AAA Remote Authentication Passthrough Mechanism

In this mode, when a user enters the username and password to log in to DCNM, DCNM automatically copies the user credentials to the Default Credentials in the LAN switch credentials settings for that user. As a result, when the user logs in for the first time, DCNM doesn't display the message to enter the LAN switch credentials.

  1. Use SSH to log in to DCNM as a sysadmin user.

  2. Log in to the /root/directory using the su command.

  3. Navigate to the /usr/local/cisco/dcm/fm/conf/server.properties file.

  4. Add the following server property to the file and save the changes.

    dcnm.lanSwitch.sameUserAccount=true

  5. Restart DCNM using the service FMServer restart command.

  6. Now, John logs in to DCNM.

  7. After successful authentication, DCNM doesn't display the message to update the LAN switch credentials, as it automatically copies this information to the LAN switch credentials.

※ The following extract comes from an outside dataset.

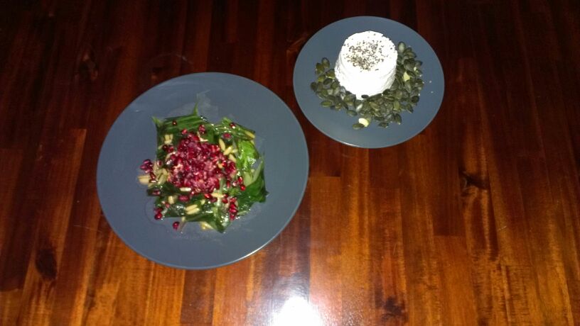 Zutaten: 1 Mangoldstiehl in Stücke schneiden und zusammen mit 50 g Pinienkernen in 25 g Mandelbutter anbraten und zusammen mit Kernen aus einem Granatapfel, 200 g körnigem Frischkäse und 25 g Kürbiskernen servieren.

  8. Consider that after a few months, the Corporate IT policy changes. In this mode, John must update his password in the Remote AAA server. After that, when John logs in to DCNM, DCNM automatically copies the updated credentials to the Default LAN Credentials associated with the user John.

AAA Remote Authentication Using DCNM Service Account

Often, the customers prefer to track all the changes made from the DCNM controller with a common service account. In the following example, a user makes changes using the DCNM controller, which results in changes on the device. These changes are audit logged on the device, against a common service account. Thus, it is possible to distinguish the controller-triggered changes from other changes (also known as Out-of-Band changes) made by the user directly on the device. The Out-of-Band changes appear in the device accounting logs as made from the user account.

For example, create a service account with the name Robot on the remote AAA server. Using the corresponding credentials, the Robot user can log in to DCNM. The Robot user can enter the default LAN credentials to have write access to the devices. The DCNM network-admin enables a server property that automatically sets the default LAN credentials for all the users and inherits the default LAN credentials associated with Robot.

Therefore, when any user logs in to DCNM and makes any configuration changes, DCNM pushes the changes to the devices using the LAN credentials of Robot. The DCNM deployment history logs track the user who triggered the change and display the corresponding changes deployed from DCNM to the switch in the audit log with the user Robot.

To set up the service account on the DCNM, perform the following steps:

  1. Use SSH to log in to DCNM as a sysadmin user.

  2. Log in to the /root/ directory using the su command.

  3. Navigate to the /usr/local/cisco/dcm/fm/conf/server.properties file.

  4. Add the following server property to the file and save the changes.

    service.account=robot

    Note

    You can enable either an AAA passthrough account or a Service Account.


  5. Restart DCNM using the service FMServer restart command.

  6. Now, John logs in to DCNM.

  7. After successful authentication, DCNM doesn't display the message to update the LAN switch credentials. However, when John navigates to the LAN Credentials page, DCNM displays a message stating that the Service Account is enabled in DCNM and, hence, all LAN credentials will be inherited from the service account.

Service Account Configuration Audit

The following workflow example allows for verification of the configuration audit while using the DCNM service account feature. However, you must have completed the Service Account Activation procedure.

  1. John creates a test loopback on a device.

  2. John deploys the configuration using DCNM.

  3. The DCNM Deployment history confirms that John made the recent configuration change.

  4. The accounting logs of the device indicate that the DCNM Service Account (that is, Robot, in this example) has triggered the changes on the NX-OS device.